Here is the first Batik Baby - tube-in cast with Alumilite Clear Slow in one of Fred Wissen's slimline tube-in molds - so far, so good:






Here's the link to Phase 1
http://www.penturners.org/forum/f178/unique-silk-batik-pens-phase-1-a-141016/

Fun weekend ahead.

Happy Saturday to all - Bob


----------



## JohnU (Jun 4, 2016)

Very unique Bob!  Thanks for showing.  I really enjoy your creative posts. I still revisit the marble making.


----------



## Bob in SF (Jun 4, 2016)

Many thanks for kind words, John.

The same nice lady also wants shibori-style dyed silk pens - another fun little challenge.  
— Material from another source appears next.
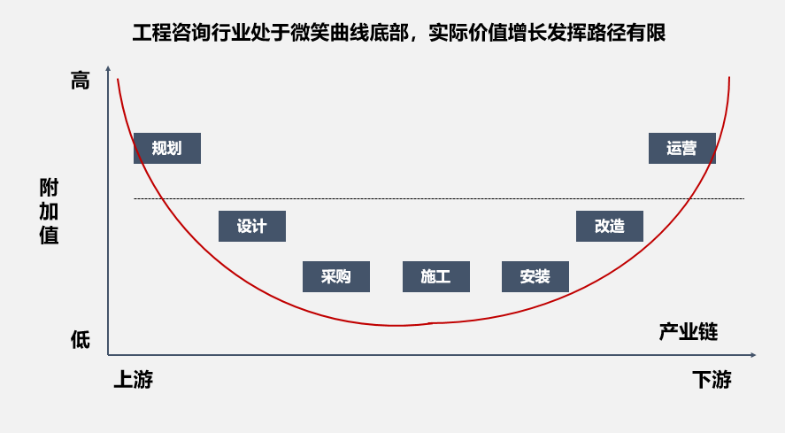 传统工程咨询处于微笑曲线底部,要实现价值增长需要咨询业务“向前推进”、“向后延伸”。如传统的全过程投控顾问服务,已经无法满足客户的需求,客户迫切需要解决的是如何降低工程建设投资,如何做好概算控制,如何使项目增值等问题。

I'm starting out with the "pole" shibori technique - sewed a Habotai 8mm silk tube, scrunched it up onto 3/4" PVC, reverse turned slowly between centers on the lathe while lightly sponge-brushing on some Jacquard green label dyes; then stretched out the dyed silk tube to dry.  Next step will be to cut it open, steam fix the dyes, then handle it the same way as the batik.
Lathe-assisted shibori:





- Bob


----------



## Charlie_W (Jun 4, 2016)

Cool pen Bob!.....love the colors and effect!


----------



## Bob in SF (Jun 5, 2016)

Thanks, Charlie - fun process.


----------



## Bob in SF (Jun 5, 2016)

Phase 2 completed - 7 Unique Silk Batik pens - moving onto the shibori-dyed silk pens (she wants a set of 7 shibori's):





Best regards - Bob


----------



## Bob in SF (Jun 11, 2016)

First run of Shibori-dyed silk - ready for pen making:




I'll start another thread about it after I get a little farther along - fun variety of dyeing techniques dating back about 12 centuries.
- Bob


----------



## Bob in SF (Jun 20, 2016)

My dear textile designing friend emailed me Sat. AM and ordered a sextet of Batiks - this time with metal flakes - so I obliged her (a little more pizazz than the "plain" batiks):





She's eager to collaborate on some future projects - why not? - I'll be the same age whether I do or don't - choosing do.

- Bob


----------